*** INFORMATION SHOWN

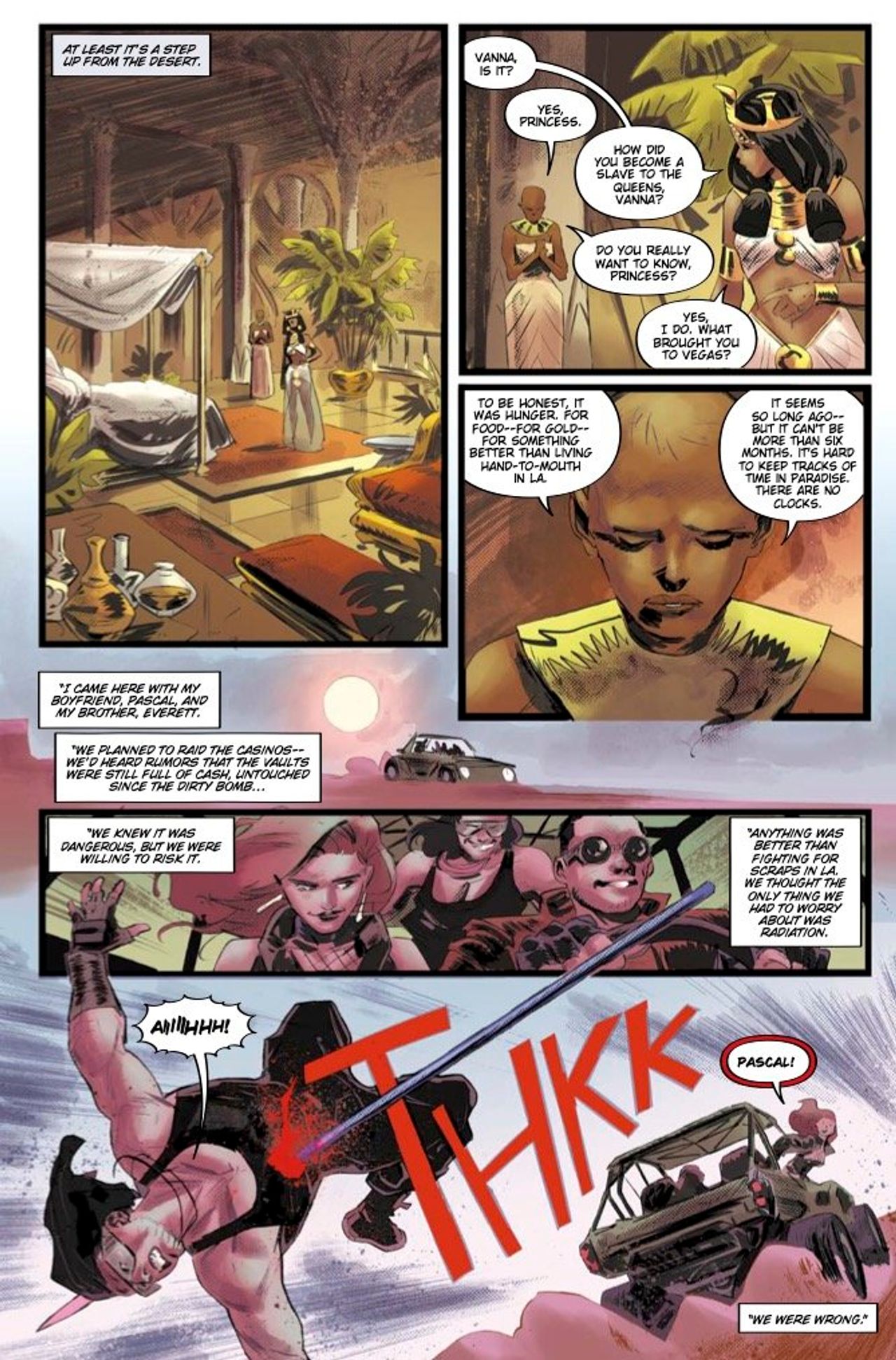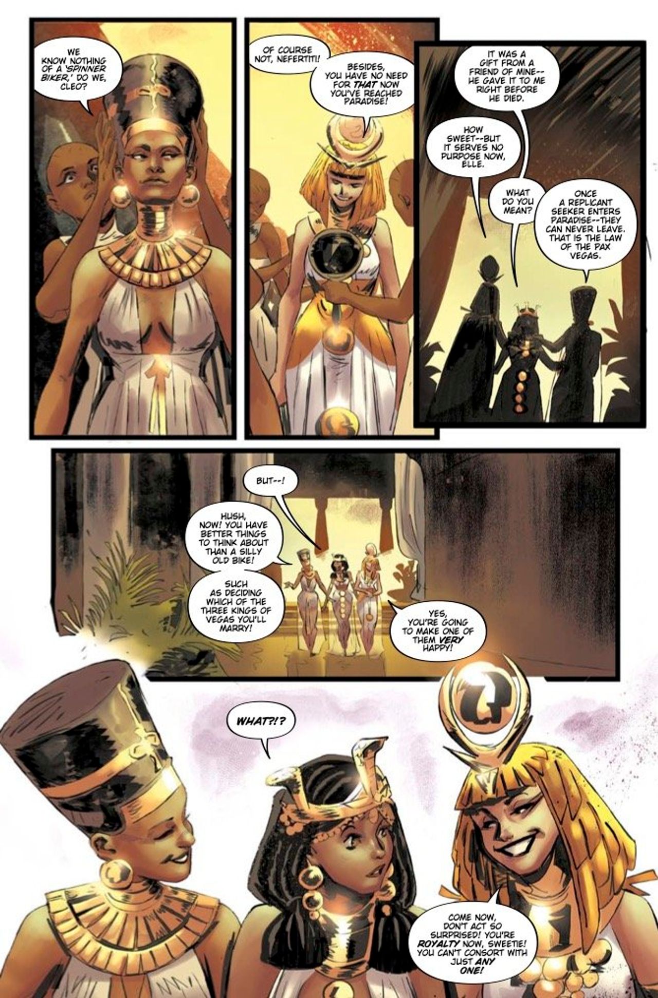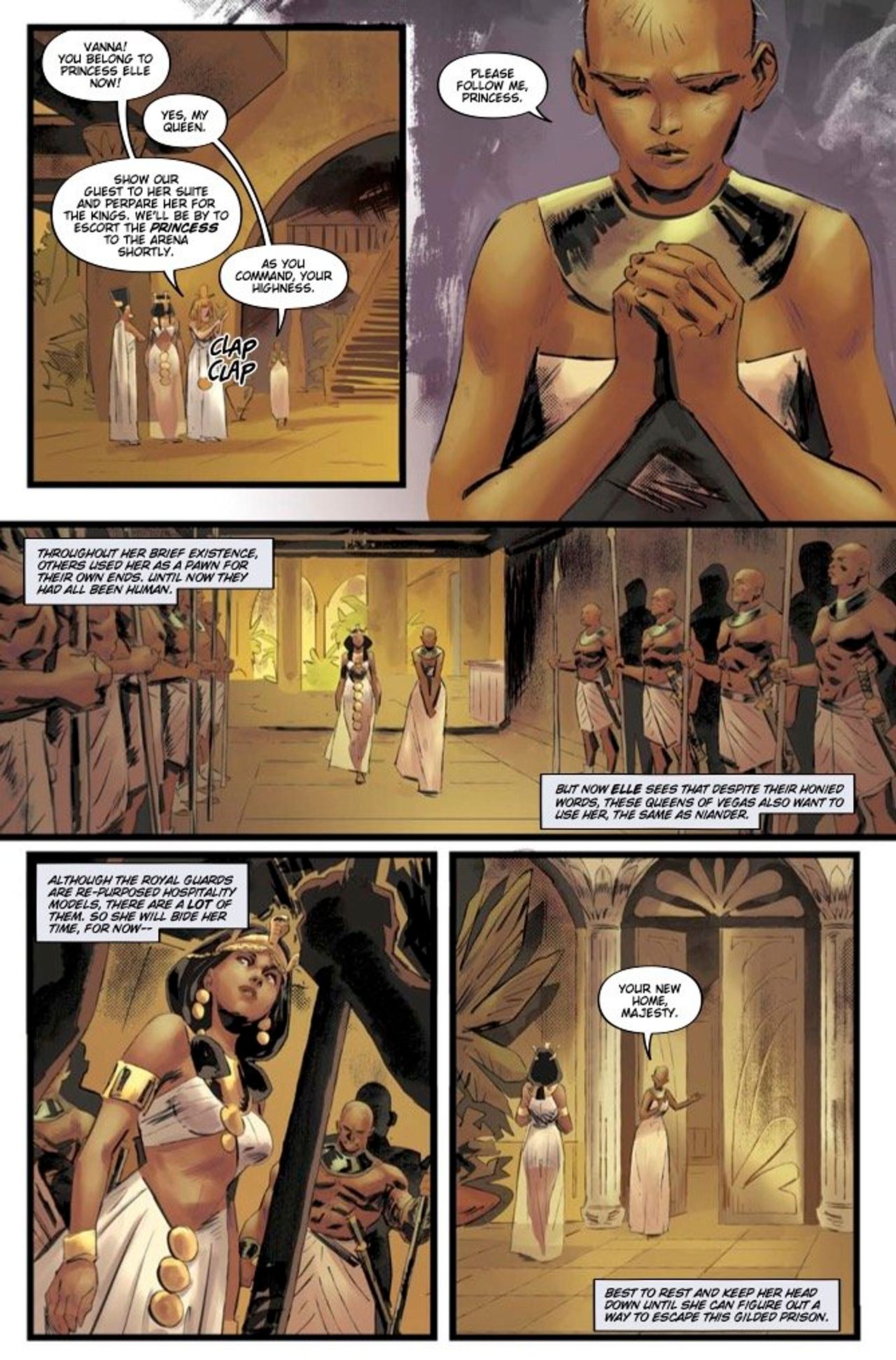 There she finds a community of roleplaying Replicants, abandoned hospitality models from the old casinos now living as embodiments of ancient Egyptian and Roman royalty. Meanwhile, Niander Wallace, smarting from his last encounter with Elle, has dispatched a seasoned kill team to bring back her head.
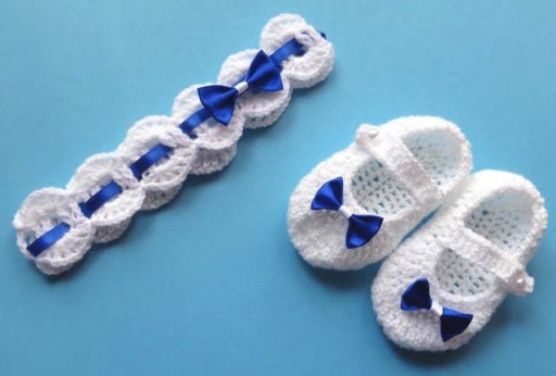 Komplet szydełkowy: opaska+buciki może być wykonany w dowolnym kolorze włóczki i dodatków - z kokardkami satynowymi (atłasowymi) lub szyfonowymi (tiulowymi).
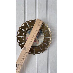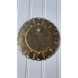 This set of two vintage brass wall plates features intricate floral designs and romantic portraits. Each plate is 8 inches in diameter, adding a touch of timeless elegance to decor. Ideal for collectors or as unique decorative accents.
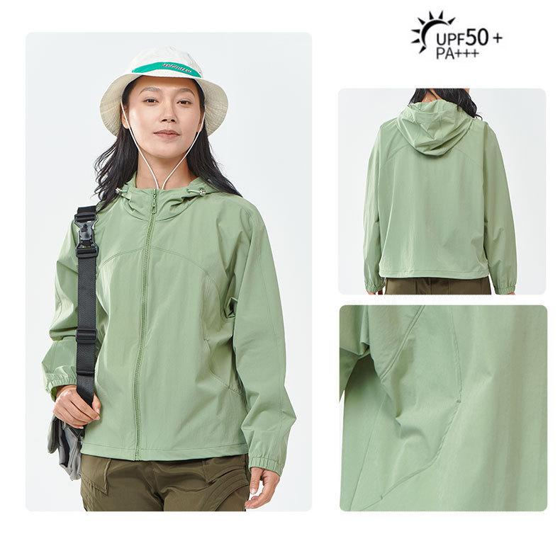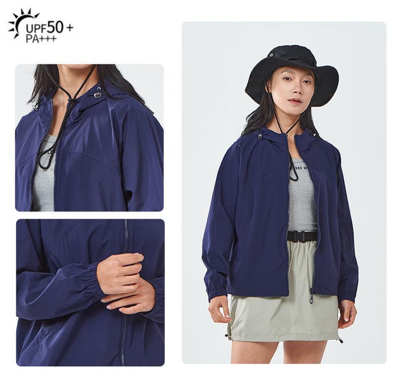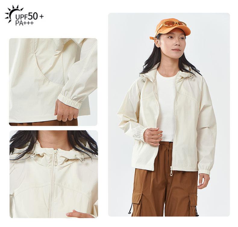 Popular Ropa de Protección Solar con Capucha para Mujer Nueva Holgada a la Moda Ropa para la Piel Chaqueta de Viaje Top Fresco Verano Logotipo Estampado

******

▶ ACTION ITEM:
Your copy should hold exactly the lines from the line containing "Komplet szydełkowy: opaska+buciki" through the last line of the listing above, both included, and no pictures.

▶ WRITTEN SOLUTION:
 Komplet szydełkowy: opaska+buciki może być wykonany w dowolnym kolorze włóczki i dodatków - z kokardkami satynowymi (atłasowymi) lub szyfonowymi (tiulowymi).
 This set of two vintage brass wall plates features intricate floral designs and romantic portraits. Each plate is 8 inches in diameter, adding a touch of timeless elegance to decor. Ideal for collectors or as unique decorative accents.
 Popular Ropa de Protección Solar con Capucha para Mujer Nueva Holgada a la Moda Ropa para la Piel Chaqueta de Viaje Top Fresco Verano Logotipo Estampado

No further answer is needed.